My recent detour through Norwegian Black Metal has finally yielded results in terms of You Tube's suggested videos on my home page.  After wading through numerous Mayhem, Immortal and Black Satans (amongst others) videos, I now have a healthy number of Black Metal videos turning up there, (although, for some reason it also turns up a Paul Weller video - about as far from Black Metal as you can get, even if he whines a lot during his songs - and some Judas Priest - who are just pussies in the metal stakes when compared to say, Mayhem).  Which makes a nice change for all that random stuff - Guinea Pigs and birds, etc - which recently kept turning up for no discernible reason.  The Black Metal is especially welcome as an alternative to all the right wing 'news' sites whose videos have been appearing near the bottom of my You Tube home page of late, (although, to be fair, there has always been a neo-Nazi element to the Norwegian Black Metal scene).  I really don't understand their presence - I just don't look at any other stuff which might be construed as showing an interest in their shit.  Then again, for a while You Tube persisted in trying to get me to subscribe to Arsenal related channels - despite the fact that I never watch football videos on YouTube and I'm a Spurs supporter.  

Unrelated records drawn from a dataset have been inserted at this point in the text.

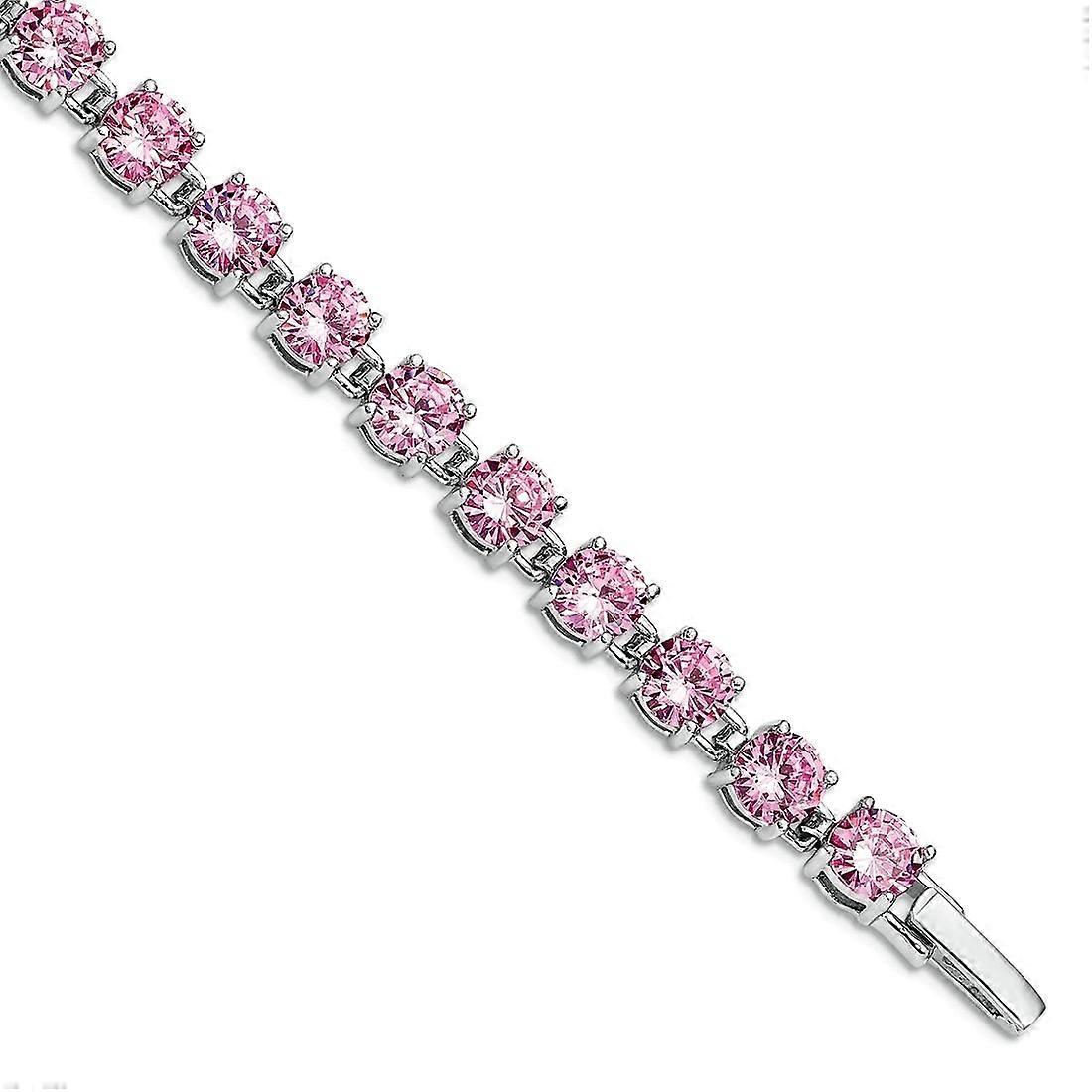 925 Sterling Silver Polished Fold over Pink Cubic Zirconia Bracelet 7 Inch-Fold-Over Catch Link-Bracelet for Women
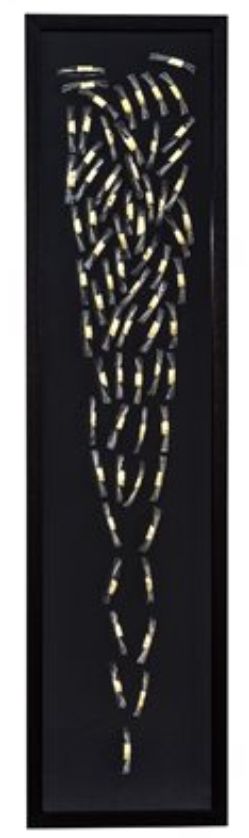 Strips of gold tipped acrylic pieces form this 3D shadowbox art. The black frame and black linen under glass add to the interesting look of this piece. Elevate your room design by incorporating this wall art piece.Read More
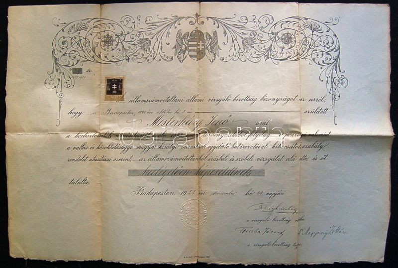 1922 Államszámviteli bizonyítvány merített, címeres papíron 50x35 cm https://www.darabanth.com/de/135-Fernauktion/135.0/Andere-Sammelgebiete/Dokument~287/1922-Allamszamviteli-bizonyitvany-meritett-cimeres-papiron-50x35-cm~II382358
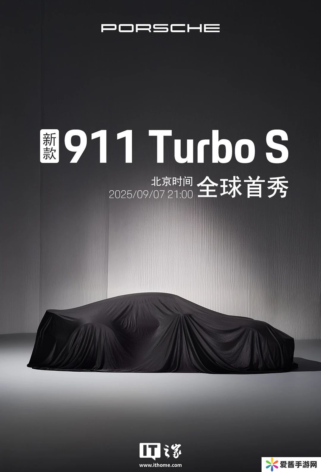 本站 8 月 28 日消息,保时捷中国新闻中心今日宣布,新款 911 Turbo S 再升级,全球首秀北京时间定档 9 月 7 日 21:00。
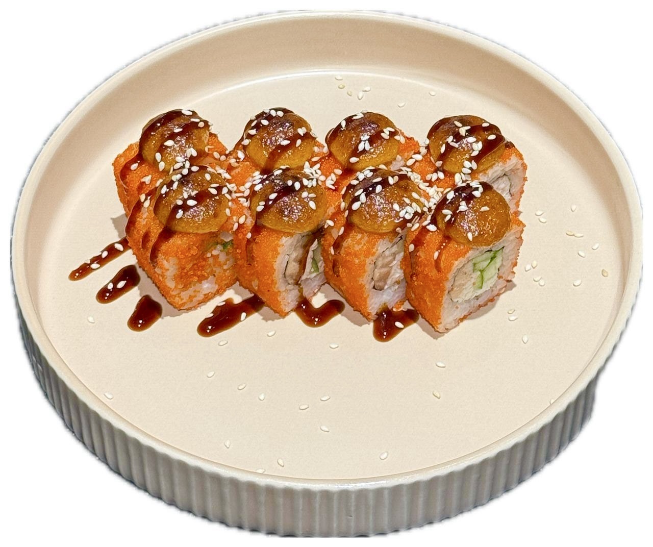 Рис, нори, огурец, лосось, имитация краба, масаго, спайси соус
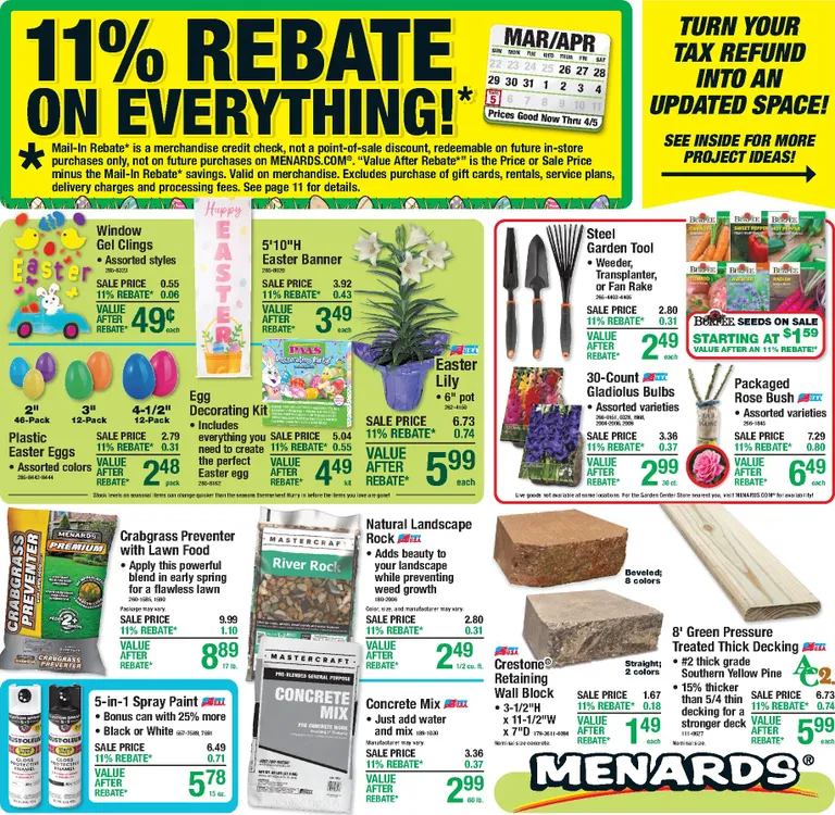 You’re viewing the Menards weekly ad, valid from 03/26/2026 to 04/05/2026. Visit our website regularly to stay up to date with the latest deals and promotions from your favorite stores.
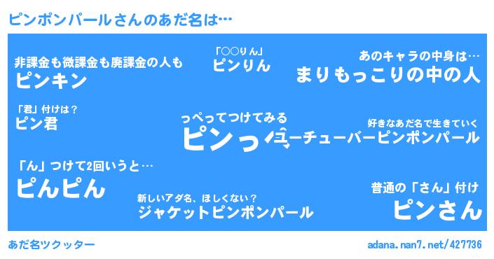| ポケモン風あだ名 | 『ピックウザ』『ピーンイ』『ピンキング』『ヒピンポンパール』 |
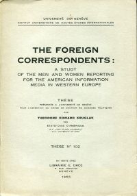 Kruglack, Theodore Edward: The Foreign Correspondents. A Study of the Men and Women reporting for the American Information Media in Western Europe. Genève: E. Droz 1955. 8°. 163 S, Anhang, Glossar, Bibliographie, broschiert (Papier gebräunt; Rücken abgedunkelt) (Diss. Genève)
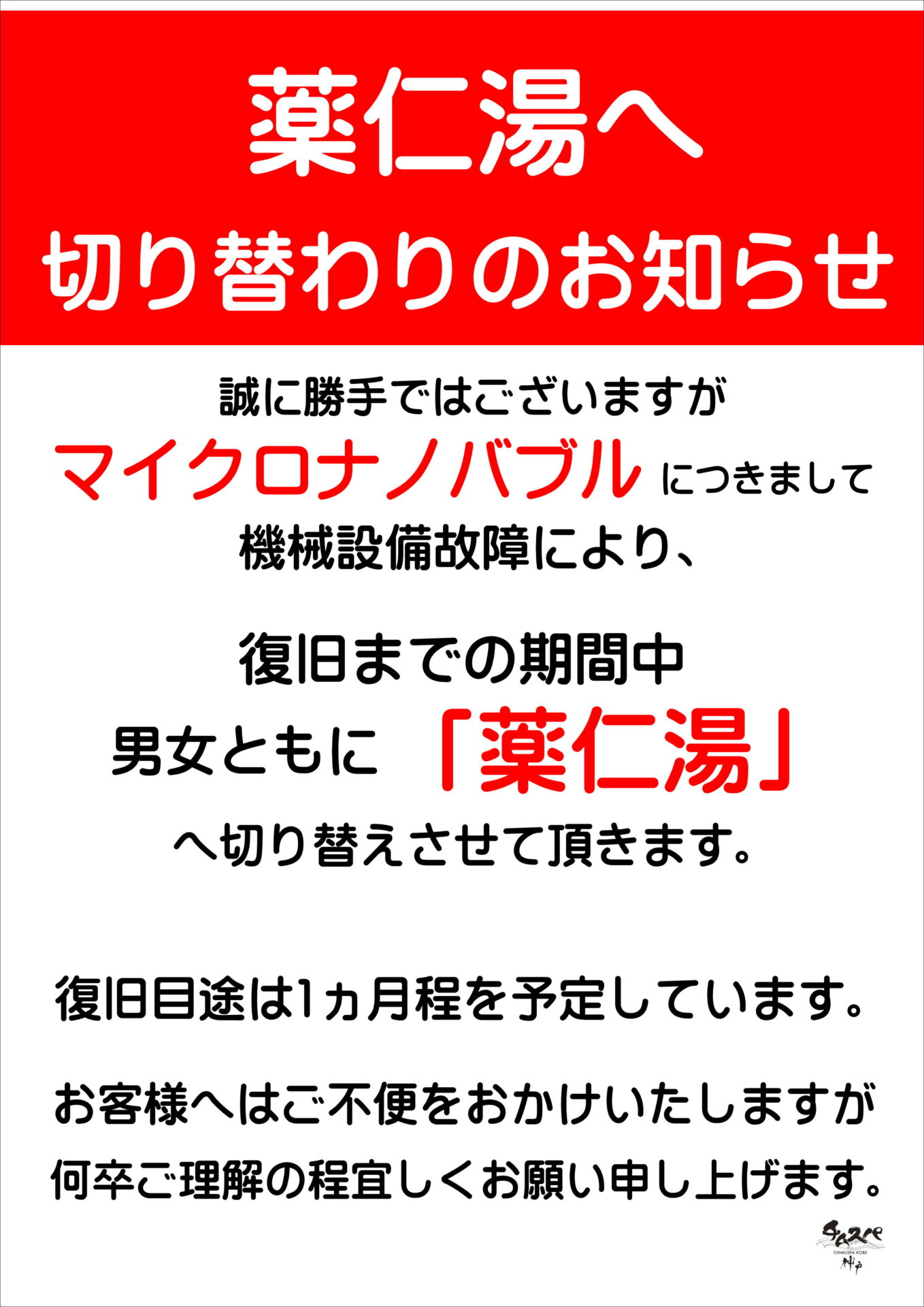 (故障)マイクロナノバブル→薬仁湯切り替えのお知らせ

But back to the Norwegian Black Metal.  Why? I hear you ask.  Well, why not?  Any musical genre which expresses a contempt for organised religion and moves some of its fans to burn down churches immediately has an appeal to me.  Plus, the people who perform it don't seem the usual poseurs you find on the music scene: they seem not just to believe the shit they sing about, but they live it too.  I mean, let's not forget that Mayhem's original vocalist, 'Dead', blew his brains out with a shotgun.  OK, I know what you are thinking, so what?  That isn't unique to Black Metal.  Didn't Kurt Cobain do the same thing?  Yeah, sure he did - but did Courteney Love then gather up some of the skull fragments and make them into necklaces?  Because that's what Mayhem's guitarist did.  Oh, and I bet that Cobain didn't leave a note apologising for the mess and for discharging a firearm in the house?  You see, you can't make this stuff up.  But it gets better - a while later the bass player stabbed the aforementioned guitarist to death in a contract dispute.  (He served time for the murder, burning down two churches and possession of illegal explosives).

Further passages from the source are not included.